Newer organizations, in which youth and students play prominent roles, have staged many of these protests. One such group, Students Emergency Action for Liberal Democracy (SEALDs), organized a protest at the Diet on July 15 attracting 100,000 people. SEALDs was formed in response to the passage of the state secrecy law in December 2013. Many of its signs and posters carry slogans such as “Peace Not War” and “We will really stop war.” Young people are also taking to social media to organize and disseminate information in opposition to the Abe government.

However, SEALDs and other citizen groups leading the anti-military legislation drive remain tied to elements within the political establishment that seek to exploit the mass anti-war sentiment in Japan for their own political ends. The opposition Democratic Party of Japan (DPJ) and the Japanese Communist Party (JCP) have postured as opponents of the bills. A genuine anti-war movement will find no allies in these establishment parties.

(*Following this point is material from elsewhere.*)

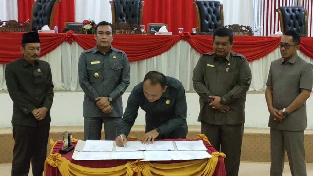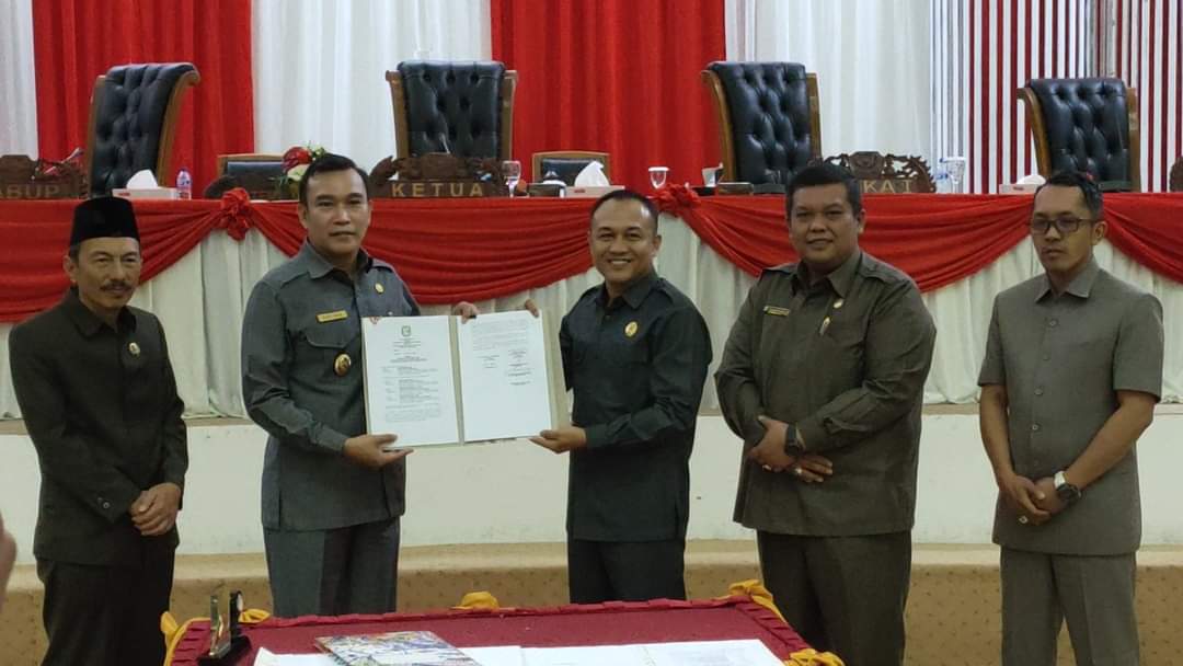 Kepahiang, Matapublik.com – Wakil Bupati Kepahiang H. Zurdinata S,IP dan Pimpinan Dewan Perwakilan Rakyat Daerah (DPRD) menandatangani Nota Kesepakatan Perubahan Kebijakan Umum Anggaran/Prioritas Plafon Anggaran Sementara (KUA/PPAS) Anggaran Pendapatan dan Belanja Daerah (APBD) Kabupaten Kepahiang Tahun Anggaran 2022 dalam Rapat Paripurna yang digelar di Ruang Sidang Utama Kantor DPRD Kabupaten Kepahiang pada Jum’at 12/08/2022.
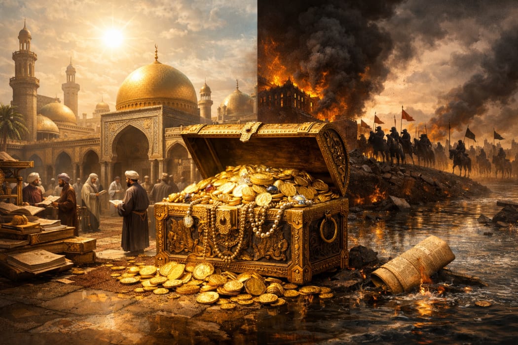 އައްބާސީ ދަރިކޮޅުގެ ވެރިކަން ނިމެން ގާތްވިއިރު މުސްލިމުންގެ ބައިތުލްމާލު ވެފައިވަނީ، އެއީ އައްބާސީ ދަރިކޮޅުގައި އޭރު ތިބި ބަޔެއްގެ ނުވަތަ ޚިލާފަތުގެ ބާރުވެރިކަން ފޯރާ ހިސާބުގައި ތިބި މީސްކޮޅުގެ އަމިއްލަ މުދާގަނޑެއް ފަދަ އެއްޗަކަށެވެ. އެޔަކުން މުސްލިމް ރައްޔިތުންނަށް ކުރަންޖެހޭ ވަރާ ގާތަށް ވެސް ލާބަޔެއް މަންފާއެއް ކުރަމަކުން ނުދެއެވެ.

The DPJ provocatively “nationalized” the Senkaku/Diaoyu Islands in 2012, raising tensions with China, which also claims the islands. The party nominally opposed the state secrecy law, but after its passage, simply called for more oversight of the law and not its repeal, thereby legitimizing the legislation.

The JCP backed the purchase of the Senkaku/Diaoyu Islands while criticizing the DPJ for not asserting the Japanese territorial claims more aggressively. The JCP has also taken a critical stance toward China, laying the blame for tensions in the region at Beijing’s feet. The Stalinist organization has long ago been integrated into establishment politics and lines up with sections of the ruling class that want a more independent stance from Washington.

Concerns have been raised in the US over the new security legislation. A July 20 New York Times editorial supported a greater military role for Japan “especially in Asia, where China is becoming more assertive,” but criticised the way in which Abe was circumventing the Japanese constitution.

These criticisms reflect fears about that Abe is not simply establishing the basis for assisting US imperialism in its wars but wants Japan to become “a normal nation” that uses its military to prosecute its own strategic and economic interests. The New York Times editorial tentatively pointed to Abe’s association with extreme right-wing nationalists and his downplaying of wartime atrocities in the 1930s and 1940s—a war that brought the US and Japan into direct conflict.

Article 9 of the constitution is at the centre of the debate in Japan. A recent poll conducted by the Kyodo agency found that 60 percent of respondents opposed any alteration of the constitution, which has been a longtime goal of Japanese conservatives. Among those, 88 percent stated that Article 9—the war-renouncing clause—was the most important aspect of the document.

First adopted in 1947, the constitution was imposed on Japan during the US occupation of the country following World War II. The document was written to ensure that Japanese imperialism would no longer represent a challenge to the US imperialist interests in Asia.

At the same time, the US military occupation led by General Douglas MacArthur protected the Japanese political establishment and Emperor Hirohito, in order to create a junior partner in Asia to assist the US in its goal of dominating the region. Japan would serve as an important base of operations for US wars of aggression in Korea and Indochina.

With the eruption of the Cold War, the United States encouraged Japan to remilitarize. In 1954, the Self-Defense Forces—the official name of the Japanese military—was established as part of the US/Japan Security Treaty. This treaty was revised in 1960 under the government of Nobusuke Kishi, Abe’s maternal grandfather, triggering mass protests.

Today’s large protests reflect continuing deep opposition to the revival of Japanese militarism, which was not only responsible for atrocities in Asian countries under its wartime occupation, but police-state measure in Japan to suppress opposition to the militarist regime.